While the standard "ideal proportions" approach to drawing anatomically correct humans is alright as a starting point, it does have the risk of all bodies one draws looking like the same default manikin. To avoid this trap, draw different body variations, that have real human proportions (not too exaggerated caricatures), but look visibly different from the "ideal human proportion" standard. As a starting point you can look at these two scans from Tiner's "Figure Drawing Without a Model" (p. 114 / p. 115) or at this tutorial by Cedarseed.

As a side note: I do find it problematic when drawing books turn rather dubious (or at least highly controversial) "scientific" classification systems from the 19th/early 20th century into artistic tools without any reflection, for example the craniometry with its cephalic index (I didn't scan the pages applying those). Unfortunately that is a rather common practice. I mean, it doesn't bother me per se to read a chapter explaining about height/width characteristics of the human face and if they want use the terms "dolichocephalic", "mesocephalic" and "brachycephalic" for it, whatever -- but considering that Tiner's book was first published 1992, it bothered me a lot that from just reading those paragraphs you'd think it was it was just an "neutral" anthropological measuring and classification tool, not invented to be central for a multitude of more or less racist theories, which construed skull measurements into all kinds of things. The same goes for the fact that he uses William Sheldon's somatotypes system (that was the basis for his strange anthropometry psychology, with things like predicting criminals from their body types and such) without finding it problematic at all. It's not that I don't find the examples of body types somewhat useful (hence the scans), and while I find it mostly silly to call them "endomorphic mesomorph" and such, I wouldn't care about that and just appreciate it that in this book not all bodies look the same, if there was some brief reflection that these body types weren't meant to merely describe bodies, but that the system was created in a much more problematic context. Anyway, I just didn't want to let these terms go entirely unremarked.

2. Trying different compositions.

Sketch the same scene/motif in different compositions to see how the drawing and its effect change. Possible options for changes are the perspective, viewpoint, different crops (showing everything in an overview, just showing a part in a close up...), and so on, or different arrangements of the same picture elements, anything that results in different picture compositions (e.g. the motif being centered and static or seen in a way that creates lots of diagonals and angles giving a dynamic impression, different moods, etc.). The sketches could be just thumbnails, as long as the different picture compositions are still recognizable.

3. Drawing a fantasy animal.

Create a fantasy animal, but one that could "work" in real life, or at least fakes "real" well enough to pass at first glance, i.e. base the fantastic elements on the common anatomy principles of real animals to make it work.
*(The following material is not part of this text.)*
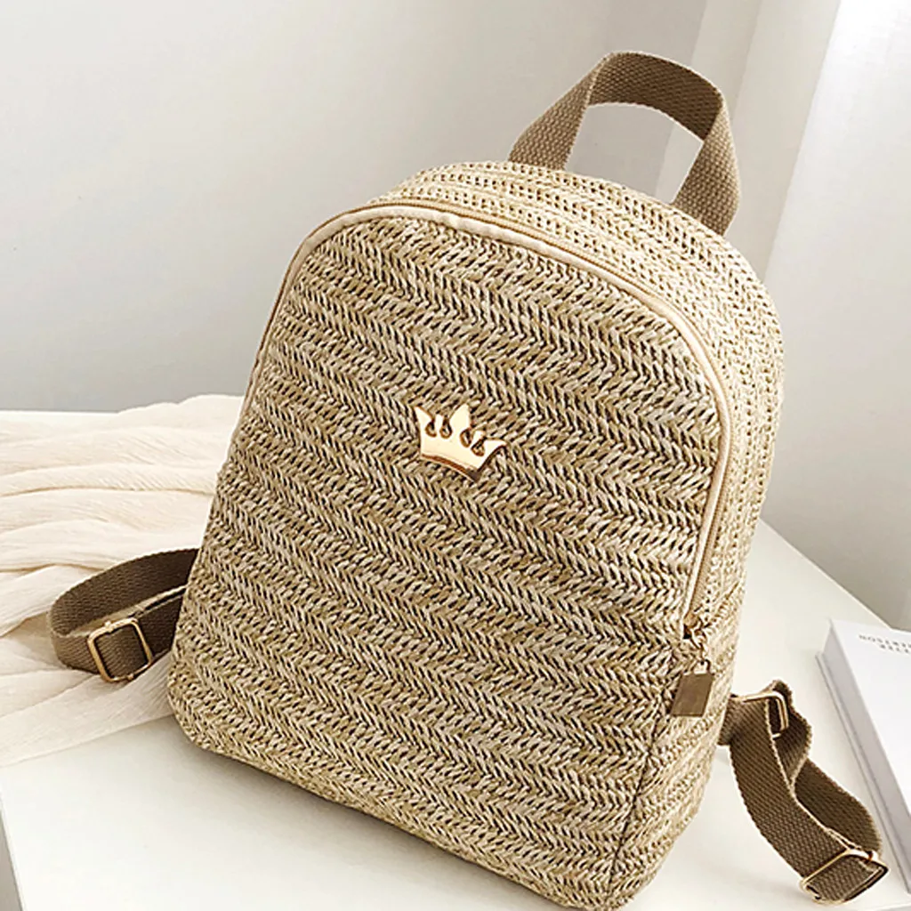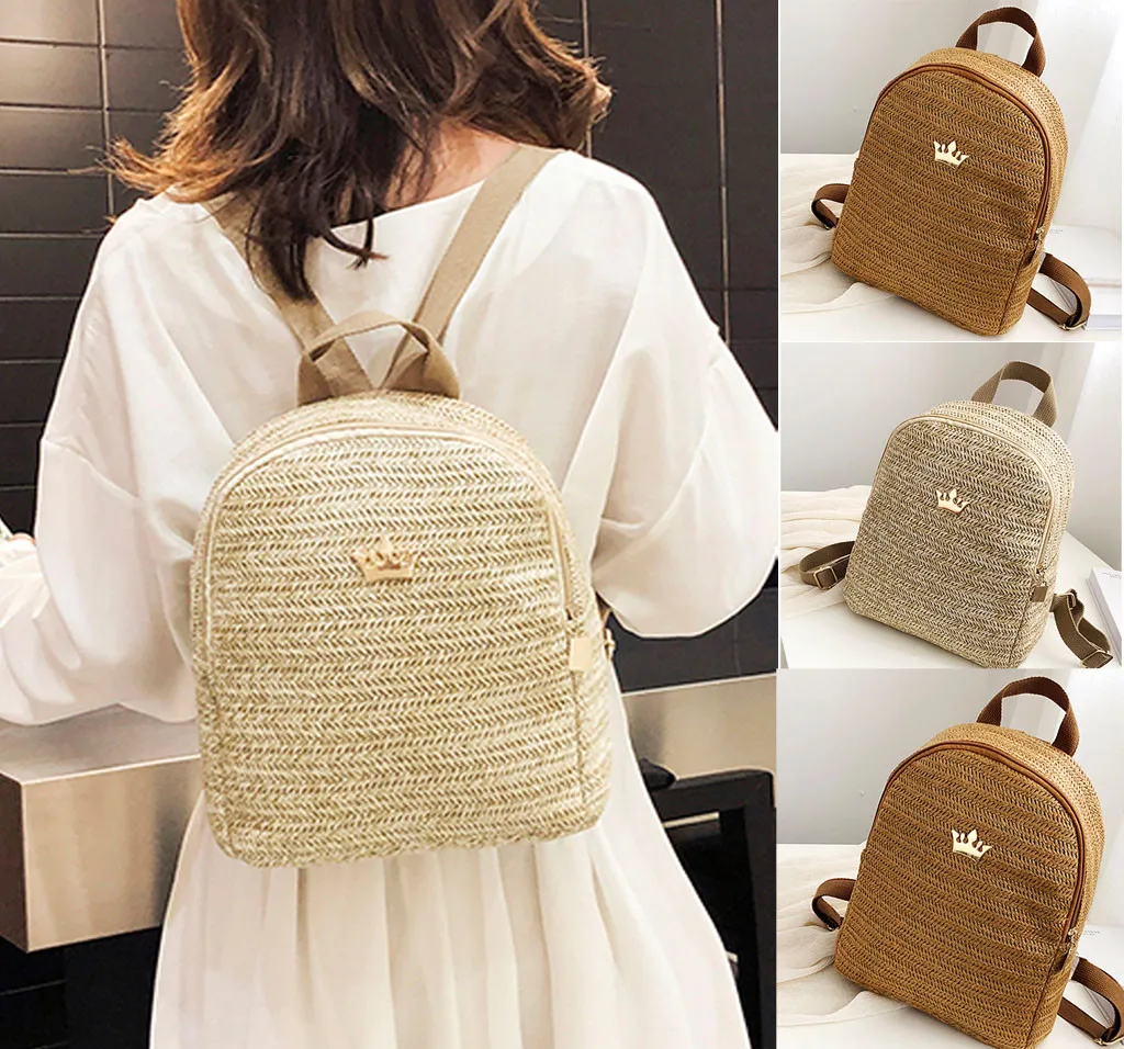Round Softback Straw Woven Beach Women Backpacks
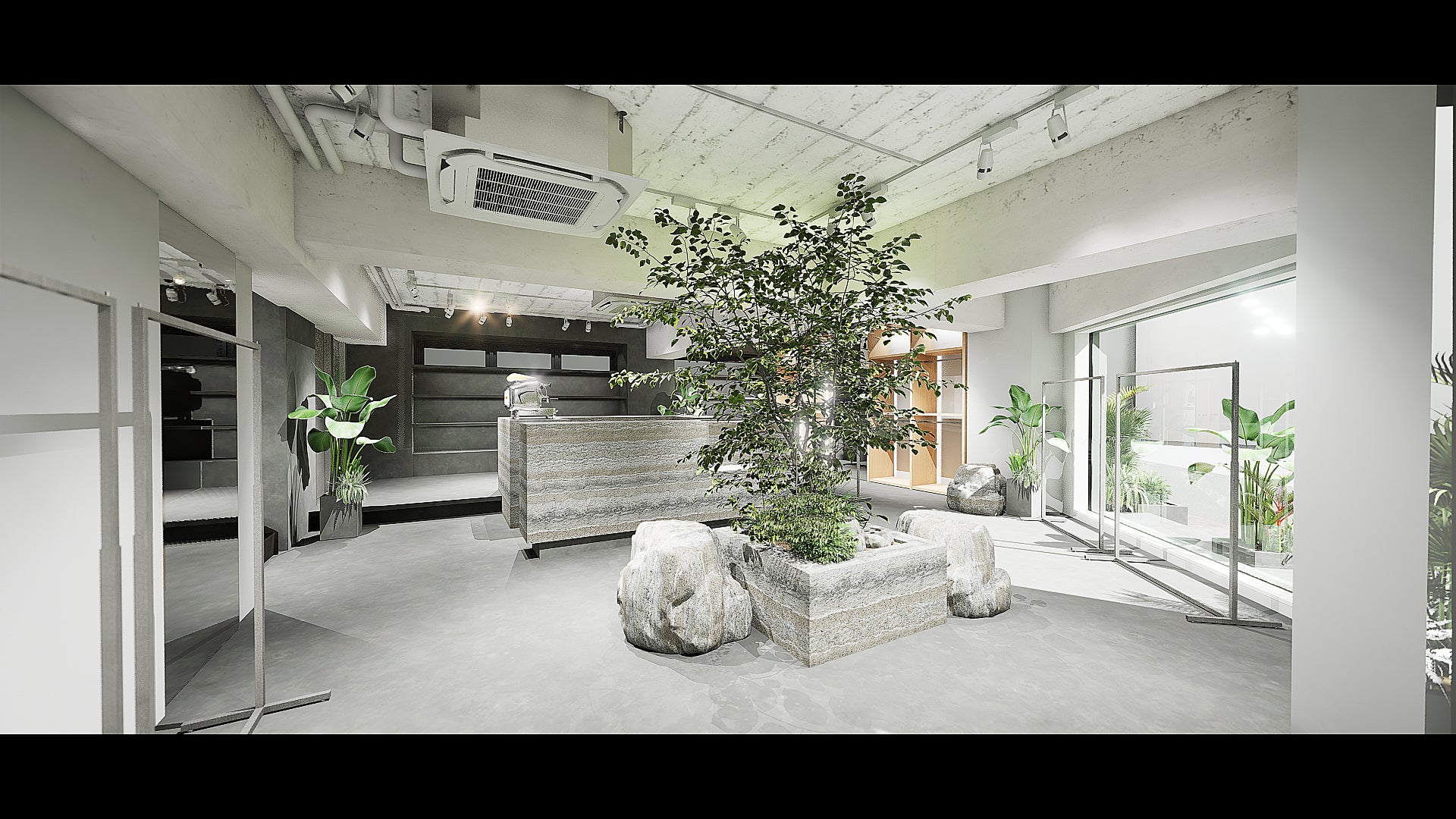 石や植物、木などの自然の素材が織りなす有機的な手触りと複雑なテクスチャー。グラフィカルなヴィジュアルコミュニケーション。マテリアルとデザインの双方からGramicciの世界観を表現しています。

If you aren't sure about the construction of animals, Cedarseed's tutorials (basic animal anatomy and drawing birds) cover the basics.

4. Foreshortening practice.

Draw one or more bodies (or body parts, whatever you like) in such a way that you create the 3D illusion in the drawing through foreshortening. If you don't know how foreshortening works, glockgal's tutorial is a good starting point.

5. Spotting blacks.

Draw an image with an interesting pattern of black areas and shadows, e.g. one that create a mood or works to guide the eye. This chapter by Mike Mignola illustrates how to distribute and use black effectively (p. 28 / p. 29 / p. 30 / p. 31).